§ **Problem description**: Everything from the line with "Dar în sistemul" to the last line of the listing must be retyped exactly, both ends included, with the pictures dropped.

§ **Supplied material**:
Start of Block

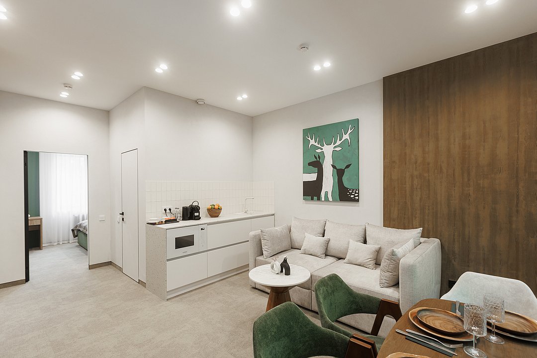 Главная комната встречает уютной гостиной зоной с диваном-кроватью, который вечером легко превращается в комфортное дополнительное спальное место на двоих. Это решение делает номер идеальным для семей с детьми или небольшой компанией друзей.
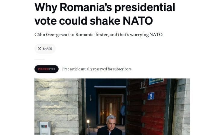 Dar în sistemul politic românesc de tip francez, preşedintele este şeful statului, comandantul suprem al forţelor armate şi responsabil cu politica externă. Prin urmare, prezenţa unui sceptic NATO la Palatul Cotroceni ar putea crea mari probleme pentru alianţă. Georgescu ar putea copia, de exemplu, cartea pe care o joacă premierul ungar Viktor Orbán şi ar putea acţiona ca un „spoiler” pro-Kremlin în cadrul NATO. Prin urmare, o schimbare politică dramatică la Bucureşti ar putea submina rolul României ca unul dintre principalii actori de securitate regională ai alianţei militare, arată POLITICO.
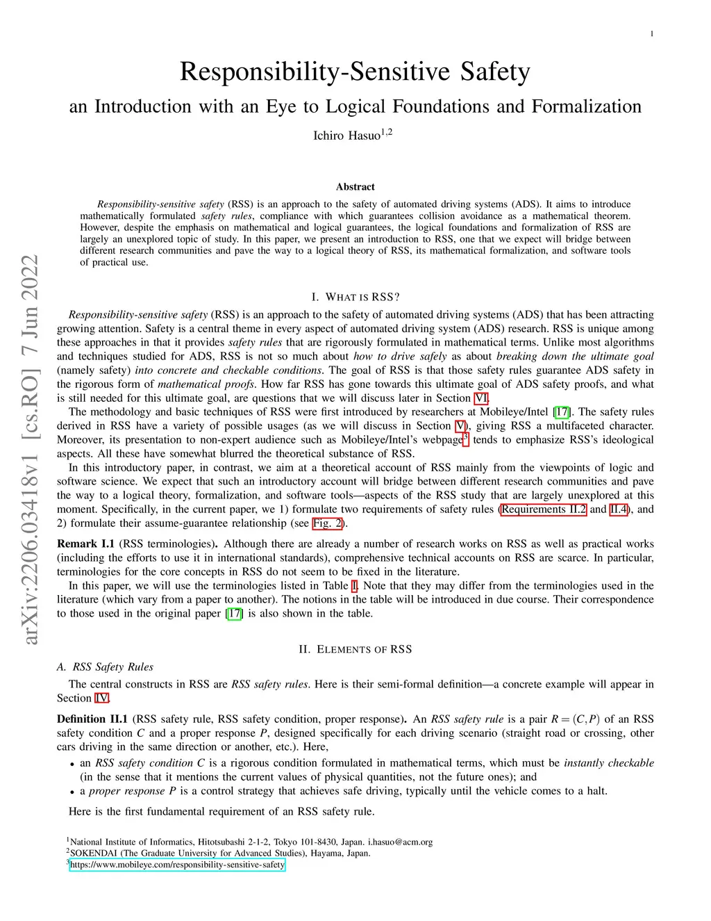 Responsibility-sensitive safety (RSS) is an approach to the safety of automated driving systems (ADS). It aims to introduce mathematically formulated safety rules, compliance with which guarantees collision avoidance as a mathematical theorem. However, despite the emphasis on mathematical and logical guarantees, the logical foundations and formalization of RSS are largely an unexplored topic of study. In this paper, we present an introduction to RSS, one that we expect will bridge between different research communities and pave the way to a logical theory of RSS, its mathematical formalization, and software tools of practical use.

End of Block

§ **Task response**:
 Dar în sistemul politic românesc de tip francez, preşedintele este şeful statului, comandantul suprem al forţelor armate şi responsabil cu politica externă. Prin urmare, prezenţa unui sceptic NATO la Palatul Cotroceni ar putea crea mari probleme pentru alianţă. Georgescu ar putea copia, de exemplu, cartea pe care o joacă premierul ungar Viktor Orbán şi ar putea acţiona ca un „spoiler” pro-Kremlin în cadrul NATO. Prin urmare, o schimbare politică dramatică la Bucureşti ar putea submina rolul României ca unul dintre principalii actori de securitate regională ai alianţei militare, arată POLITICO.
 Responsibility-sensitive safety (RSS) is an approach to the safety of automated driving systems (ADS). It aims to introduce mathematically formulated safety rules, compliance with which guarantees collision avoidance as a mathematical theorem. However, despite the emphasis on mathematical and logical guarantees, the logical foundations and formalization of RSS are largely an unexplored topic of study. In this paper, we present an introduction to RSS, one that we expect will bridge between different research communities and pave the way to a logical theory of RSS, its mathematical formalization, and software tools of practical use.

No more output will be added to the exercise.